INSTRUCTIONS TO FOLLOW →
When you reach the line in the listing below that contains "Natural Oak Shade", begin returning lines exactly as written, and stop after the line that contains "Dec 19, 2024;". Return no other lines.

DATA RECORDS →
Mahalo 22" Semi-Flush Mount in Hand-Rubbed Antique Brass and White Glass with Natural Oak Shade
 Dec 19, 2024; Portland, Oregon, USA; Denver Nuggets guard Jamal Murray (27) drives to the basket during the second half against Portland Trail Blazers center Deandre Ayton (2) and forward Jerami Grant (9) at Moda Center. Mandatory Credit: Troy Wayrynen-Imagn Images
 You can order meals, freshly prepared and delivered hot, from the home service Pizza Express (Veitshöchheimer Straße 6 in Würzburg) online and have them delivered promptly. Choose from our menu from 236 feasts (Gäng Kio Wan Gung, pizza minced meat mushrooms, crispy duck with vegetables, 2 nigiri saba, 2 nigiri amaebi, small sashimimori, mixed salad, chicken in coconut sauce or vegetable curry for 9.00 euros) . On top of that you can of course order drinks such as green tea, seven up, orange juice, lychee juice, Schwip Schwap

==

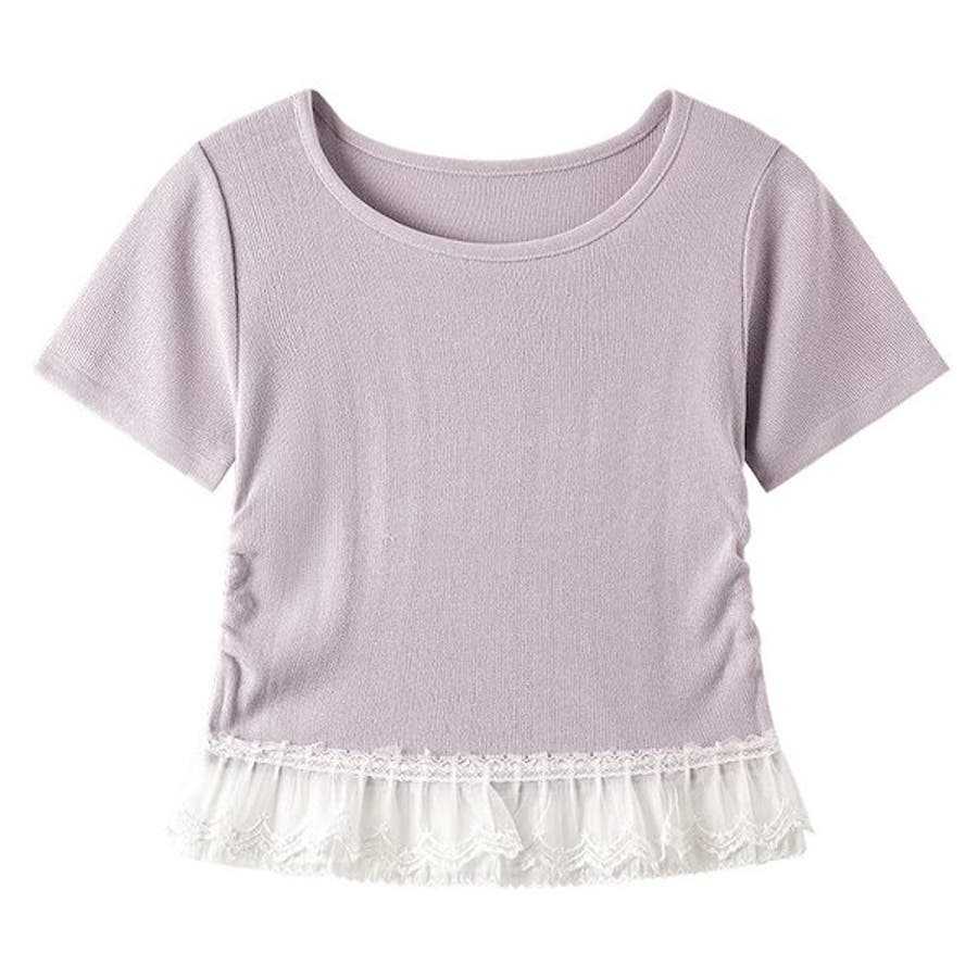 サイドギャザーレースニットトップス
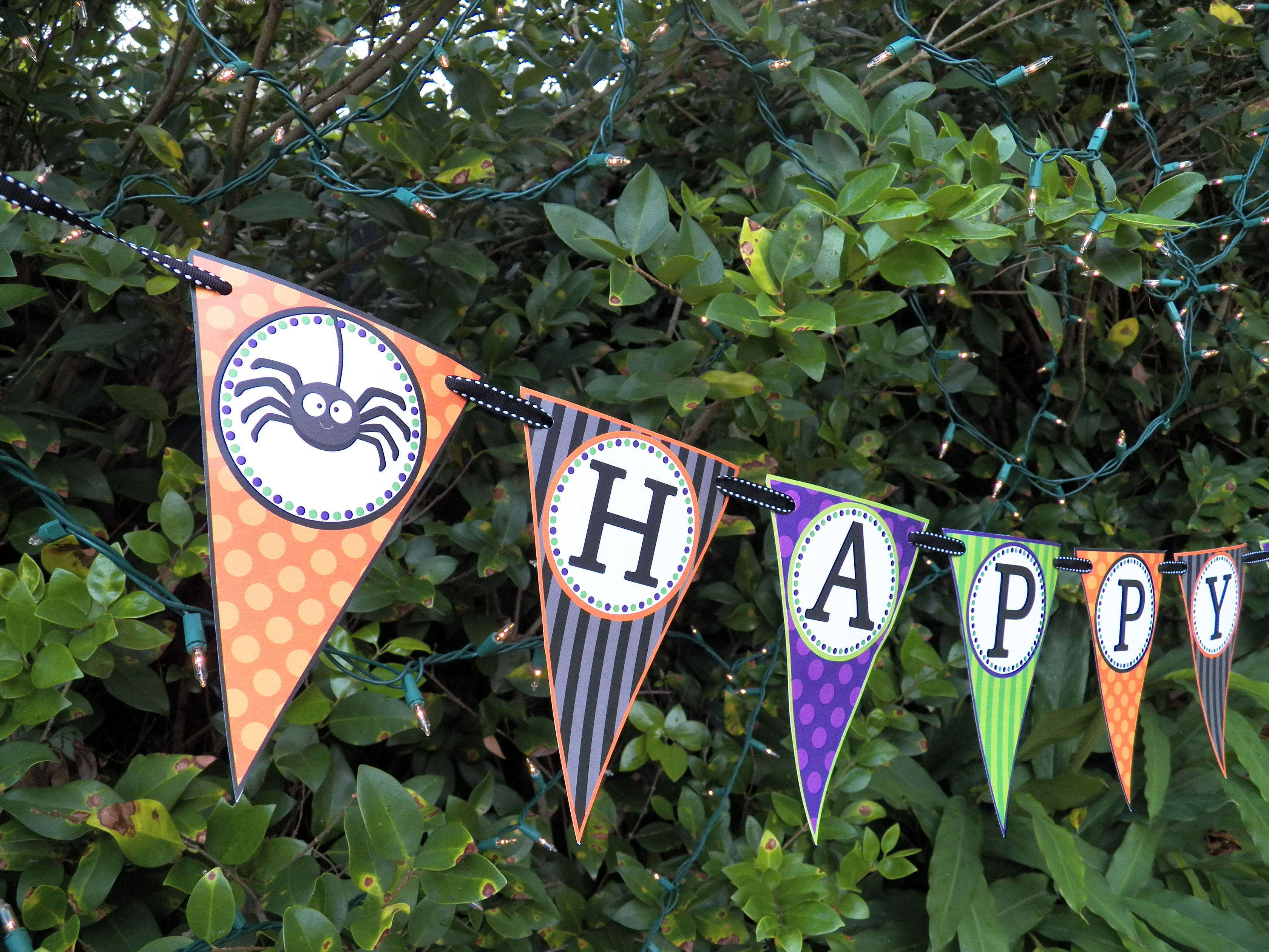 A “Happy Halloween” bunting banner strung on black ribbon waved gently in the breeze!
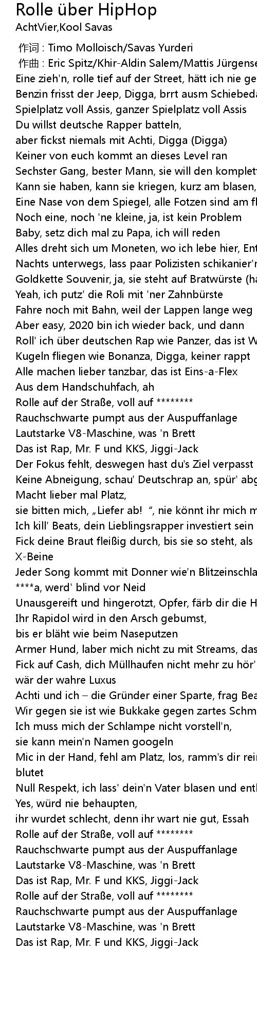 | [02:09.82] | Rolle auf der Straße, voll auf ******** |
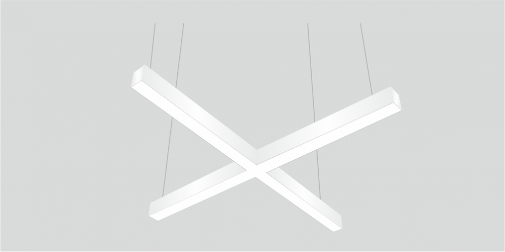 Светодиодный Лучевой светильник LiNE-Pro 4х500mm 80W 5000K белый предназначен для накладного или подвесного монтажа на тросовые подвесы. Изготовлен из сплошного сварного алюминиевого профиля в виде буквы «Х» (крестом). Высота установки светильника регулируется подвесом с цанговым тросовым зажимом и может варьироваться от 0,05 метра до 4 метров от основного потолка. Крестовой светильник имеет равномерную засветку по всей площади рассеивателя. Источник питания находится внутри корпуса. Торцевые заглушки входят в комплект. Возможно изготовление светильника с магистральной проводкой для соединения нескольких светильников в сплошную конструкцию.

SOLUTION →
Mahalo 22" Semi-Flush Mount in Hand-Rubbed Antique Brass and White Glass with Natural Oak Shade
 Dec 19, 2024; Portland, Oregon, USA; Denver Nuggets guard Jamal Murray (27) drives to the basket during the second half against Portland Trail Blazers center Deandre Ayton (2) and forward Jerami Grant (9) at Moda Center. Mandatory Credit: Troy Wayrynen-Imagn Images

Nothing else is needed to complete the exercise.